The Attorney General has recognized that it is within the discretion of a public agency to tailor the format of records to conform to the parameters of a specific request, and to recoup both staff costs and actual costs in the event that it exercises its discretion affirmatively. 96-ORD-75; 96-ORD-133. In 02-ORD-48, at p. 6, we held that the fact an agency can, at additional programming costs, extract the information a requester is seeking does not mean that it must. (Emphasis in original). Accordingly, we conclude that the JCPS's decision not to reformat its database to produce the information Ms. Ward seeks was properly within its discretion and did not constitute a violation of the Open Records Act.

In 95-ORD-82, p. 3, we recognized that "the primary impact of the Open Records Act is to make records available for inspection and copying and not to require the gathering and supplying of information."

As a general rule, an alternative would have been to make an agency's entire database available to the requester in the format in which it is regularly maintained and let the requester search through the records to obtain the information she seeks. 02-ORD-89. However, the database in the instant appeal contains education records, many of which are required to be kept confidential by federal and state laws.

The Federal Family Education Rights and Privacy Act (FERPA), 20 USC § 1232g, and its state counterpart, the Kentucky Family Education Rights and Privacy Act (KFERPA), KRS 160.705 et seq. , regulate access to "education records" containing personally identifiable information pertaining to students within the public school system. That term is defined at 20 USCA § 1232g(4)(A) as "those records, files, documents, and other materials which (i) contain information directly related to a student; and (ii) are maintained by an educational agency or institution." With the exception of certain narrow categories of records identified at 20 USCA § 1232(4)(B)(i)-(iv), and not relevant here, the term is expansively construed to include all information, in whatever form, which satisfies the two-part test described above. The corresponding provision in Kentucky's act defines the term "education record" as:

[D]ata and information directly relating to a student that is collected or maintained by educational institutions or by a person acting for an institution including academic records and portfolios; achievement tests; aptitude scores; teacher and counselor evaluations; health and personal data; behavioral and psychological evaluations; and directory data recorded in any medium including handwriting, magnetic tapes, film, video, microfiche, computer-generated and stored data, or data otherwise maintained and used by the educational institution or a person acting for an institution.

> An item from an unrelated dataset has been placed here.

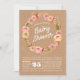 Invitations de carte plat design à fleurs rustiques haut de gamme populaires et tendance mariage. Rustique avec une sensation vintage été/printemps. De magnifiques fleurs d'aquarelle rose et orange (roses) forment une belle forme féminine de couronne circulaire. Baby shower de typographie cursive/script dans la jolie couronne florale. Un Modèle Pip Pip Hooray Design. Remplissez facilement le modèle avec vos propres détails ici et maintenant pour avoir un lot d'invitations à prix abordable et imprimé professionnellement livré à votre porte! Chaque invitation est livré avec une enveloppe de taille correspondant gratuite incluse dans le coût abordable.

In 03-ORD-004 the Attorney General held that the Cabinet for Health Services' Department of Medicaid Services was not obligated to compile information to conform to the parameters of a given request, but that it must, alternatively, provide the requester with a copy of its entire database after those fields of information for which statutory protection exists were properly redacted. In 03-ORD-004, because the Department's database contained information that was made confidential by federal law, the requester could not inspect the entire database unimpeded. The Department was required to redact individual Medicaid recipient information and other information made confidential by federal enactment (42 CFR 431.300 et seq. in tandem with KRS 61.878(1)(k)) and make the redacted database available to the requester. We further held, citing KRS 61.878(4) that the Department would have to absorb the costs associated with redaction as the redaction of the confidential information was not equivalent to nonobligatory creation of a new record. 03-ORD-004; 95-ORD-82.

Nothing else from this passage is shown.